Professor Baker
HIST 2030-004
6 November 2014
Austin Peay
Austin Peay was born on June 1, 1876 near Hopkinsville Kentucky. Austin Peay Sr. and Cornelia Leavell Peay were his parents. He started his college life at Washington and Lee University in Virginia. Then he went on to Centre College, in Danville Kentucky, and received his law degree. After graduating, Peay married Sally Hurst of Clarksville. The couple had two children, Amaryllis and Austin. Austin Peay worked at his law practice for 6 years. Then in 190, he was elected to the TNs House of Representatives to represent Montgomery County. He ran against Gen. Lawrence D. Tyson for the speaker of the house, but lost. He also served two terms in the Tennessee Legislature and was the chairman of the Democratic state executive committee.
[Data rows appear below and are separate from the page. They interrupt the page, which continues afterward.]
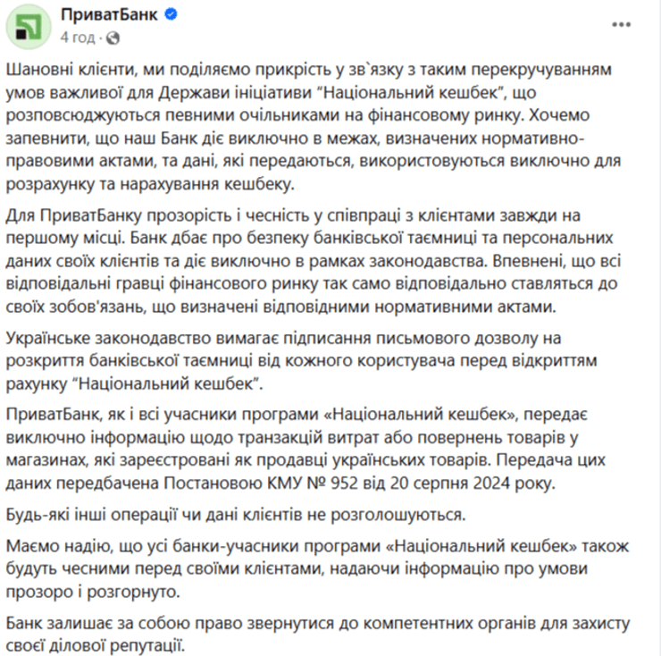 "ПриватБанк, как и все участники программы "Национальный кэшбек", передает исключительно информацию о транзакциях расходов или возвратов товаров в магазинах, которые зарегистрированы как продавцы украинских товаров. Передача этих данных предусмотрена Постановлением КМУ № 952 от 20 августа 2024 года. Любые другие операции или данные клиентов не разглашаются", — добавили в финансовом учреждении.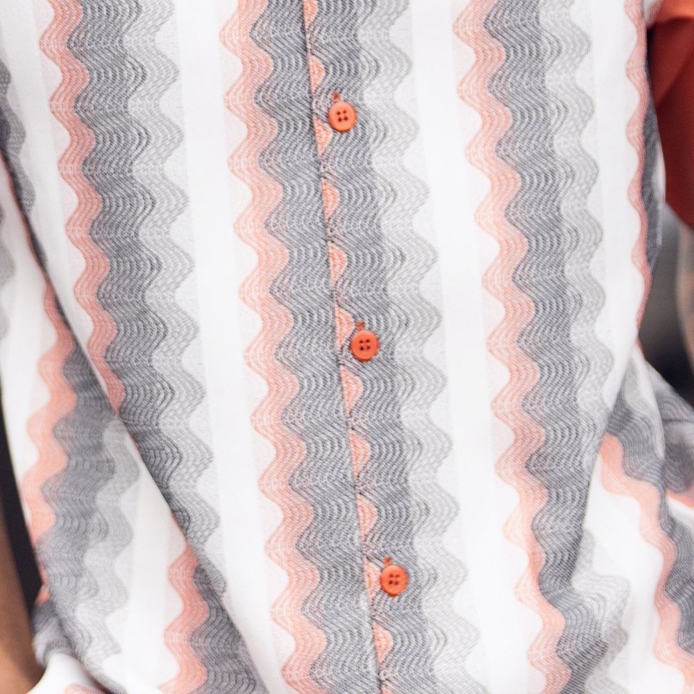 - Salmon base with wave-inspired patterns in grey and white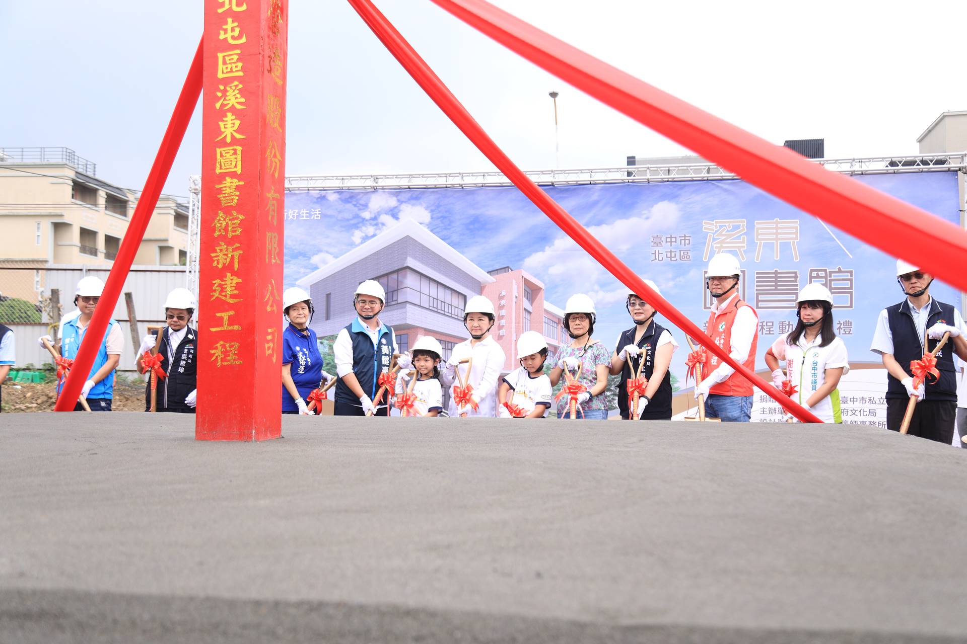 【記者林明佑/台中報導】 北屯旱溪以東首座圖書館開工!該工程總經費約1億8000萬元,由文英基金會捐贈1億4,080萬元、市府積極籌編預算興建。市長盧秀燕今(23)日出席動土典禮表示,北屯區第4座圖書館「溪東圖書館」由市府提供土地,感謝長期在全國推動文教公益事業的文英基金會協助經費,該座圖書館預計114年底完工、115年初開館啟用,滿足溪東民眾閱讀需求。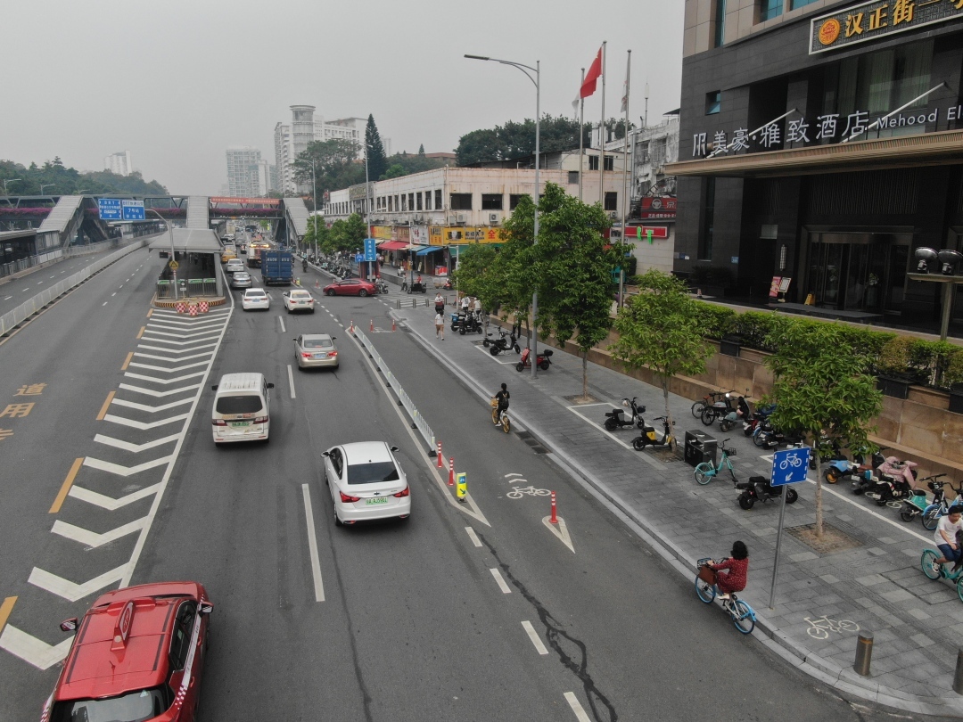 经充分研究,相关部门对中山大道进行了优化改造,通过压缩机动车道宽度,并将最右侧机动车道改为非机动车通道,设置机非分隔护栏和示警桩;优化荷光路口、上社横街路口等路口的非机动车通道,配套设置非机动车指引标志,保持非机动车通道的连贯性;精细化调控路口的信号配时方案,保障交叉口各时段各方向车流平衡,保障交通安全有序。

At age 30, Austin Peay ran for governor and lost in the year 1918. He refused to run again in1920. However, when the states financial situation became worse, he decided to run again in 1922. Peay stressed tax reform, the completion of the long-delayed state highway system, the lengthening of the public school term, and the building of more schools. The people loved Peay. He promised everything the people wanted done. In November 1922 Austin Peay became governor of Tennessee.
As governor of Tennessee, Peay had a lot of work to do. He had inherited a state that was over three million dollars in debt. Tennessee’s educational system ranked last in teacher salaries and forty-third in per-pupil disbursement. Adult illiteracy was also high. The state only had two hundred forty four miles of paved highways and the bridges covered few of its major rivers. Peay had a lot of issues to fix and in a hurry.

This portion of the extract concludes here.